- Born: Victoria Rubadiri 28 January 1987 (age 39)
- Education: Temple University
- Occupation: Journalist
- Employer: CNN
- Title: News Presenter
- Father: Kwame Rubadiri
- Relatives: David Rubadiri, grandfather Gertrude Rubadiri, grandmother
- Awards: BBC World News Komla Dumor Award

= Victoria Rubadiri =

Kenyan journalist

Victoria Rubadiri (born 28 January 1987) is a Kenyan award-winning journalist and correspondent with CNN International in Kenya. In 2020, she won the 2020 BBC World News Komla Dumor Award, becoming the second Kenyan recipient of the honor.

== Early life and education ==
Rubadiri was born in Kenya and spent part of her childhood with her father Kwame Rubadiri and mother Emmy in the United States. She began early education at Nairobi Pentecostal Academy and Rusinga School, before relocating to New Jersey at the age of 10. She later attended Atlantic City High School.

Rubadiri earned a bachelor's degree in broadcast journalism in 2009, from Temple University in Philadelphia, Pennsylvania. Prior to becoming a television anchor, she worked as a radio presenter at Capital FM in Nairobi.

Rubadiri is the granddaughter of the deceased Malawian poet and diplomat David Rubadiri and his wife teacher and independence activist Gertrude Rubadiri. In 2021 Rubadiri and her aunt Lindiwe Rubadiri-Mujugira published an account of her grandmother's life in the Society of Malawi Journal.

== Career ==
Rubadiri began her media career in the United States interning at WMGM – NBC 40 TV as an assignment desk editor in 2007. She later worked as a personal assistant at the Angela Crockett Company in Brooklyn, New York.
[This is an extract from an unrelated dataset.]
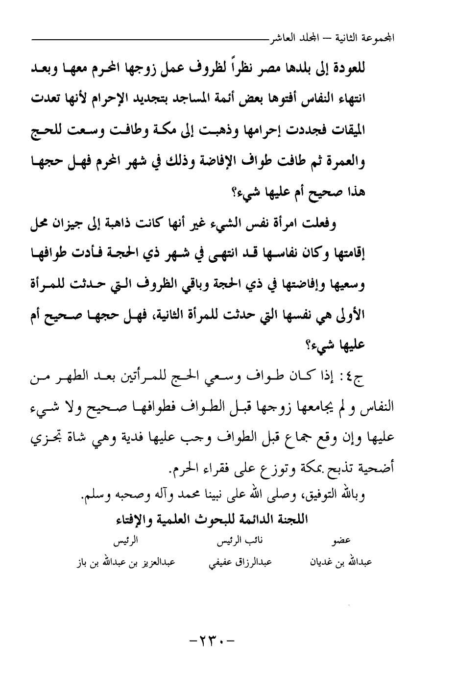 وفعلت امرأة نفس الشيء، غير أنها كانت ذاهبة إلى جيزان محل إقامتها، وكان نفاسها قد انتهى في شهر ذي الحجة، فأدت طوافها وسعيها وإفاضتها في ذي الحجة، وباقي الظروف التي حدثت للمرأة الأولى هي نفسها التي حدثت للمرأة الثانية، فهل حجها صحيح أم عليها شيء؟
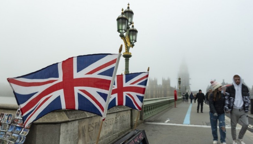 Người dân đi bộ trên cầu Westminster trong màn sương mù ở London, Vương quốc Anh, ngày 19/12/2021. (Ảnh: Tân Hoa xã)

Upon returning to Kenya in 2010, she joined Capital FM as a business reporter and news presenter. She later moved to NTV Kenya in 2013, where she served as a news anchor, reporter, and script editor co-anchoring the prime time edition alongside Larry Madowo and Mark Maasai. In May 2018, Rubadiri moved to Citizen TV, where she co-anchored Sunday Live with Jeff Koinange in the Citizen Weekend primetime bulletin. In 2020, she was awarded the BBC World News Komla Dumor Award She officially joined CNN International in April 2024.